Onchain Mechanics & Trust Model
[59:47–62:18]
-
Fully Onchain Settlement:
- Custody, execution, and market resolution are onchain via Base.
- Instantly-resolving markets with real-time price oracles (Pyth Network).
-
Order Matching:
- Happens off-chain for performance, similar to other prediction markets like Polymarket.
-
Non-Custodial:
- Users custody their own funds; minimal layers of trust required.
-
Censorship Resistance & User-Generated Markets:
- Exploration of user-generated markets; challenges in designing convention and liquidity for unique questions.
Notable Quotes & Moments
-
"Binance as a single institution has probably brought more people into crypto than anyone… but the value is starting to flip and it’s starting to be more extractive than what should be fair."
— David, [13:38] -
"We don’t just want to recreate the same walled gardens from the traditional financial system but throw in a few blockchain calls here and there… that doesn’t actually meaningfully upgrade anyone’s life."
— CJ, [18:36] -
"If you go and look at my mentions right over the last 24 hours, the founders who are backlashing me for this are guilty… the founders who are supporting exposing the truth are much more value aligned with you and I. But… we have higher expectations of people than what is the reality."
— CJ, [37:44] -
"800 pound gorilla fighting with anyone generally is not a good look for the 800 pound gorilla… I probably would not recommend to keep engaging because I don’t think that it has gone so well so far."
— CJ, [28:19] -
"All markets will move onchain… This is very much the way that the world is going and I think it’s very much like, kind of get on board or get left behind…"
— CJ, [22:00] -
"Will Bitcoin or will Tesla be above or below this price?… You’ll be surprised the amount of conviction a casual user can build in any of those arbitrary statements."
— CJ, [44:24]
Key Timestamps for Major Segments
- [00:03] — Setup and introduction to Binance listing fee drama
- [05:08] — Start of CJ interview
- [07:58] — CJ’s initial thoughts on disclosure and industry impact
- [12:58] — Why founders agree to the fees and value of distribution
- [15:47] — Anatomy of a Binance listing proposal
- [19:21] — Binance’s role and industry power
- [21:56] — Onchain markets as the future
- [27:56] — Risks for CJ in exposing Binance
- [29:12] — Comparison: Building on Base/Coinbase vs Binance
- [34:29] — Dumping, founder incentives, and “blood money”

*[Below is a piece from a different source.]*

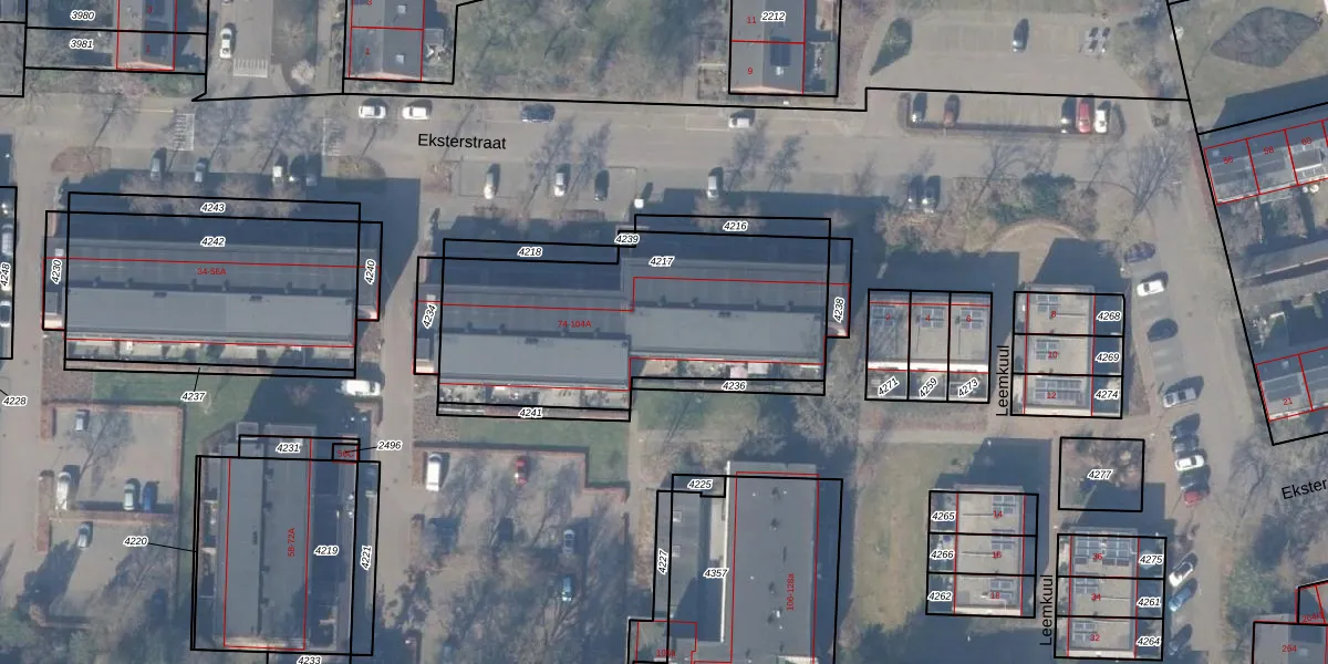 Eksterstraat 94-A is gelegen op kadastraal perceel EML00G4217. Deze kadastrale aanduiding is uniek en wordt gebruikt door het Kadaster om eigendomsrechten en andere zakelijke rechten vast te leggen. Het perceel maakt onderdeel uit van de kadastrale gemeente Ermelo.
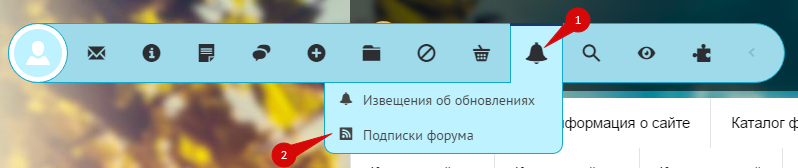 Для управления подписками на темы в панели инструментов сайтом выберите «Уведомления» / «Подписки форума»:

- [43:42] — Intro to Limitless
- [44:24] — Mechanisms for retail trading and “implicit leverage”
- [52:05] — Mainstream adoption, cross-cultural traction
- [59:47] — Onchain architecture and trust set up
- [62:08] — User-generated markets and the friction of unique markets
- [66:05] — Final wrap-up, where to learn more
Conclusion & Takeaways
- CJ’s disclosure is a landmark moment exposing the opaque, extractive practices of major crypto exchanges like Binance.
- Founders and retail investors should demand better—onchain-first capital formation, transparency, and true community alignment.
- Limitless represents one vision for this future: simple, mobile-native, continuously-resolving onchain prediction markets open to all.
- The crypto industry stands at a crossroads between extractive legacy practices and a fair, auditable, onchain alternative.